В этот день я первый раз попал на праздник – общий сбор хиппей 1 июня в Царицыне, помню, что долго не разгоняли. И вся память – вот это фото. То есть само событие, если бы не это фото, не вспомнил бы. Спиной стоят Влад Маугли и один малый, Алекс, который вообще-то крутился около иностранцев с неплохим английским языком и отличной американской улыбкой, что-то у них выманивал, а потом фарцовал. Время от времени появлялся на тусовке в 1985–1986 годах, потом исчез. Или женился на иностранке и уехал, или посадили, как мне кажется. Сидит всякая олда разлива середины 70-х с Энди Бодрягиным, а я с зонтом, с левого краю Машка ромашкинская.
Тогда мы еще воспринимали праздник Дня защиты детей как «защитите нас – мы же дети! Дети цветов», а уже через два-три года отмечали его, обзаведясь собственными детьми, которым требовалась защита от нас и нами одновременно…
Кстати, вспомнил одну забавную особенность тогдашних хиппи: многие заводили дома белых крыс и часто ездили с ними по городу. Держались они у нас на загривке, прячась в длинных волосах. Существа они были крайне мирные, но любопытные, и когда высовывались в метро посмотреть на публику своими близорукими альбиносскими глазами, сильно пугали окружающих.
У нас с Леной была тоже своя крыска, но однажды, оставив ее на несколько дней на холодильнике с водой и кормом, вернувшись, обнаружили ее пропажу. Родители мои с дачи за это время не возвращались, и вообще они относились терпимо к животному. Кошек в доме тоже не водилось, и ее пропажа осталась для нас тайной…
Свадьба Ромашки и Машки
В конце июня – начале июля 1986 года собрался Ромашка обженить Машку. Очень она к нему холодеть стала и на Артымона заглядываться. Положение надо было упрочить и занятого плацдарма врагу не отдавать! Его соперником в борьбе за меланхоличную и не очень добрую Машку с лицом, напоминающим блин, был прекрасный музыкант Артымон. Он частенько у нас дома тогда зависал и долго-долго мог тихонько играть какую-то невнятную «бакалею» и смотреть в глаза своими темными, как ночь, немигающими глазами, мелодично мурлыкать под свою музыку и улыбаться. Миша учился в Институте культуры или педагогическом, точно не помню, и с утра до ночи, где бы ни оказался, перебирал и перебирал струны гитары или клавиши пианино. Скучно для моего тугого уха, но очень профессионально. Улыбка блаженного гения не сходила с его уст. И так он увлекался этим делом, что от моей квартиры пехом, а потом в метро всю дорогу до самой «Тургеневской» он так и пел, так и струил струнами, и брови его то поднимались, то сгущались, и неслышный в подземном грохоте голос все выводил и выводил слова и мелодии…

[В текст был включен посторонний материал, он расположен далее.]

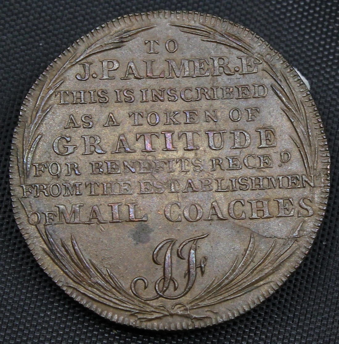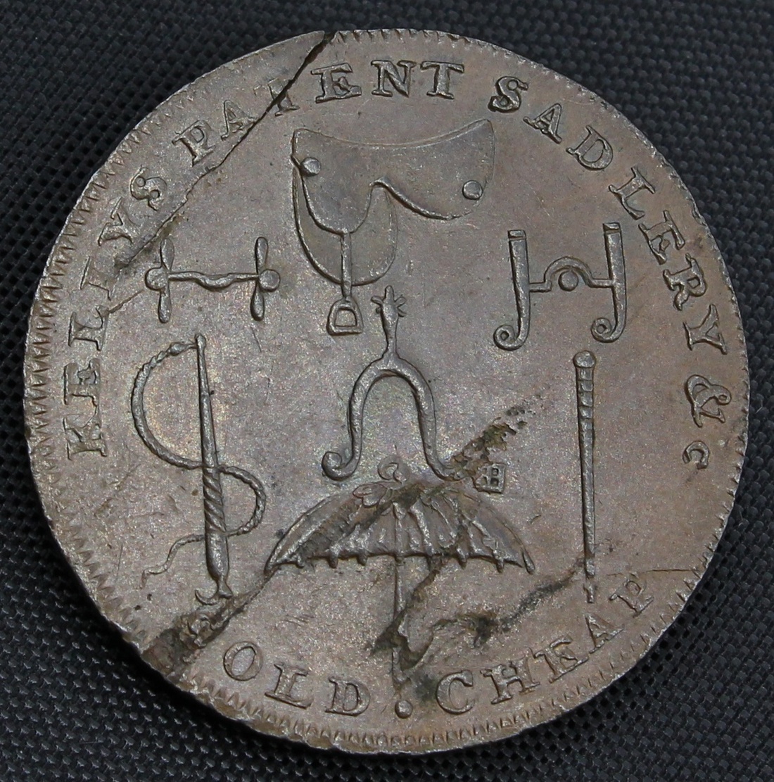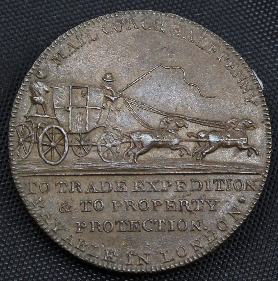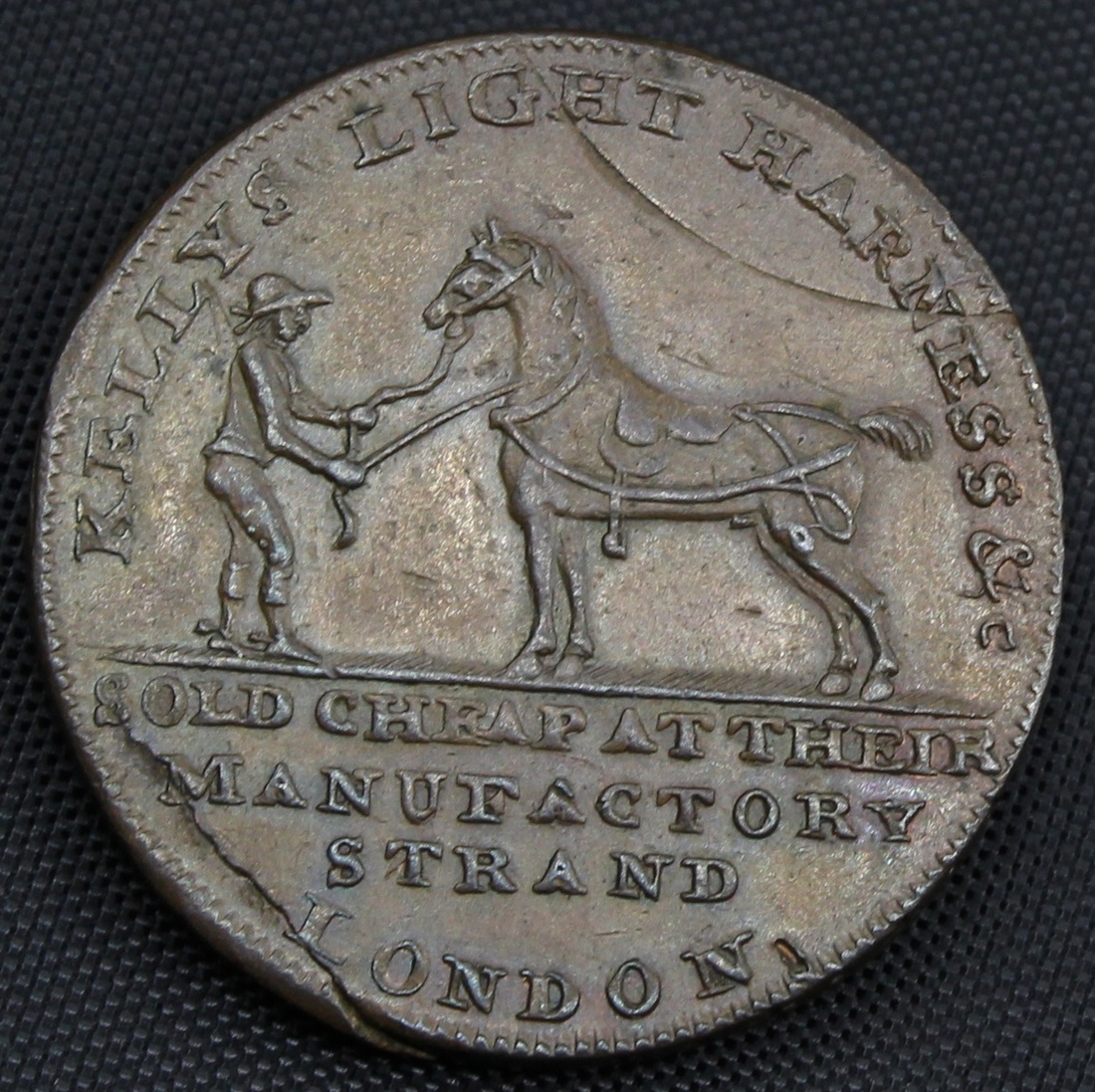 Middlesex, London, Halfpenny Tokens (2), (Strand, Jasper and Simon Kelly), undated, KELLYS LIGHT HARNESS & CO. postilion holding horse, SOLD CHEAP AT THEIR | MANUFACTORY | STRAND | LONDON. in exergue, rev. KELLYS PATENT SADLERY &c | SOLD CHEAP., accoutrements, PAYABLE AT LONDON on edge, 6h, 8.48g (Atkins 97/240; D&H 345), faulty flan with flecking and splits, otherwise struck extremely fine; also, (Lackington's Mail Coach), undated (c. 1797), MAIL COACH HALFPENNY PAYABLE IN LONDON around, mail coach pulled by four galloping horses; TO TRADE EXPEDITION & TO PROPERTY PROTECTION in exergue, rev. TO | J. PALMER . ESQ | THIS IS INSCRIBED | AS A TOKEN OF | GRATITUDE FOR BENEFITS RECED | FROM THE ESTABLISHMENT | OF MAIL COACHES, JF cypher below, edge plain, 12h, 8.70g (D&H 363), extremely fine (2)

Раз мы останавливались у него в Питере. Он минут двадцать не пел и не играл поначалу. А потом как пошел петь, как пошел легкими пробегами пальцев на пианино прямо над натруженным ухом струиться затейливым ручьем, подбирая какие-то все более вычурные мелодии, что мы не заметили, как заснули. А когда утром пробудились, он еще что-то такое джазил и еще больше улыбался от того, что нащупал какой-то необычно тонкий ход теперь уже на гитаре. А в следующую нашу ночевку он вообще сразу вышел за двойную дверь на лестницу трепать струны своей гитары тоже до утра, не обращая на окружающую жизнь никакого внимания. И при этом вроде бы не один жил. Но если видел, что на него обращают внимание, пел негромко песенки на свой оригинальный лад. Память у него была феноменальная, как у профессионала-песенника, – ни одного слова из нескольких тысяч песен не забудет!